Activity -> Only one span is wanted from the lines below: from the one with "A key depicts" up to and including the one with "Gebruik de zoekbalk". Copy it exactly, without images.

Source records ->

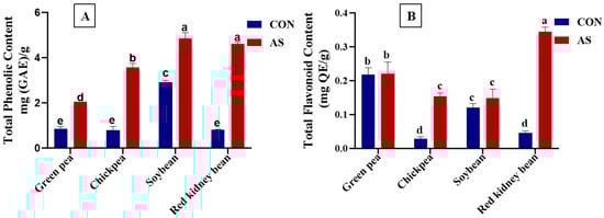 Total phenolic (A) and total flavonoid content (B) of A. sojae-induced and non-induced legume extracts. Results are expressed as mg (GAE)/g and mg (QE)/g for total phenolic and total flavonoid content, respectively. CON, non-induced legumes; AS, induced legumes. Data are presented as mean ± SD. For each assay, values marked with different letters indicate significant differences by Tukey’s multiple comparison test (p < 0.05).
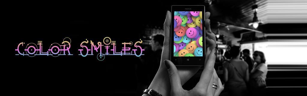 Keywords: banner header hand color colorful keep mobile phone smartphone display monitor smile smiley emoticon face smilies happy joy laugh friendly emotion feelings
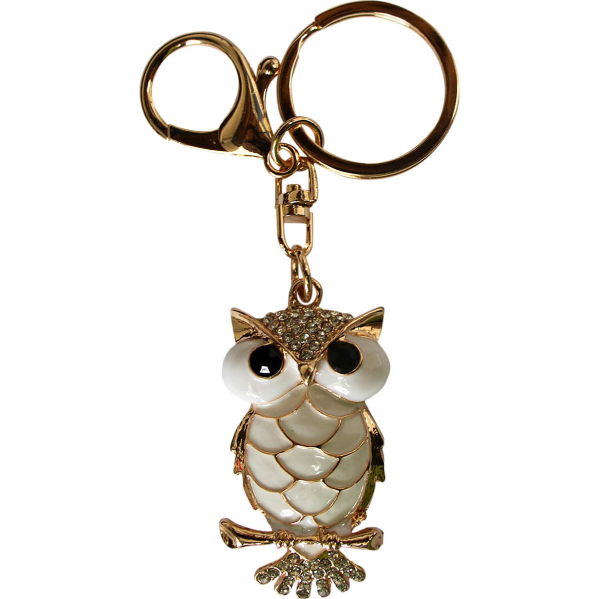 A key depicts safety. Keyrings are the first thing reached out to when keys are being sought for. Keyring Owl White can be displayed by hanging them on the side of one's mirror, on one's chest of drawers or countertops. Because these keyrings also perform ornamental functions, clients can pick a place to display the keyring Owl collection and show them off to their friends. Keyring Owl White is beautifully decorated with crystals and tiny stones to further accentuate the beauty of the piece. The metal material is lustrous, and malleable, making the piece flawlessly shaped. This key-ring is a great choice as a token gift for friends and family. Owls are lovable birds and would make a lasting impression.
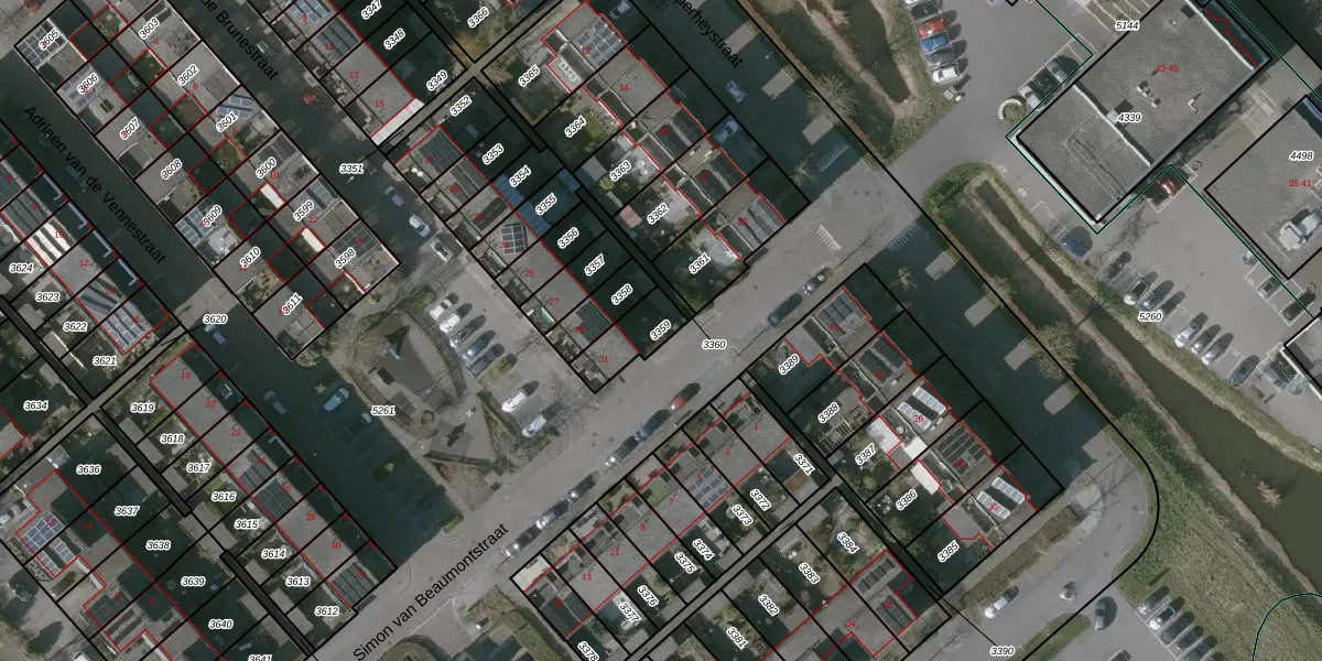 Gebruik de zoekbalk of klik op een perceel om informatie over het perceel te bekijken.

--

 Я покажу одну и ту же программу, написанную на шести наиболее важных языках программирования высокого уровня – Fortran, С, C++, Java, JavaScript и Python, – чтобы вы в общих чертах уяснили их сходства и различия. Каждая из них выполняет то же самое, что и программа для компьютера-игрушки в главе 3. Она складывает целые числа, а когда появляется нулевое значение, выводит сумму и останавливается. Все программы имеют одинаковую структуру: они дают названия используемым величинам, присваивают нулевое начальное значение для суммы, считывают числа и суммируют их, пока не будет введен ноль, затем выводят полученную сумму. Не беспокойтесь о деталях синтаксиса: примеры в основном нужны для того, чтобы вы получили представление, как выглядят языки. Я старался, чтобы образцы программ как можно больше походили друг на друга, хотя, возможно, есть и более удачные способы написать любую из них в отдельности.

Expected answer ->
 A key depicts safety. Keyrings are the first thing reached out to when keys are being sought for. Keyring Owl White can be displayed by hanging them on the side of one's mirror, on one's chest of drawers or countertops. Because these keyrings also perform ornamental functions, clients can pick a place to display the keyring Owl collection and show them off to their friends. Keyring Owl White is beautifully decorated with crystals and tiny stones to further accentuate the beauty of the piece. The metal material is lustrous, and malleable, making the piece flawlessly shaped. This key-ring is a great choice as a token gift for friends and family. Owls are lovable birds and would make a lasting impression.
 Gebruik de zoekbalk of klik op een perceel om informatie over het perceel te bekijken.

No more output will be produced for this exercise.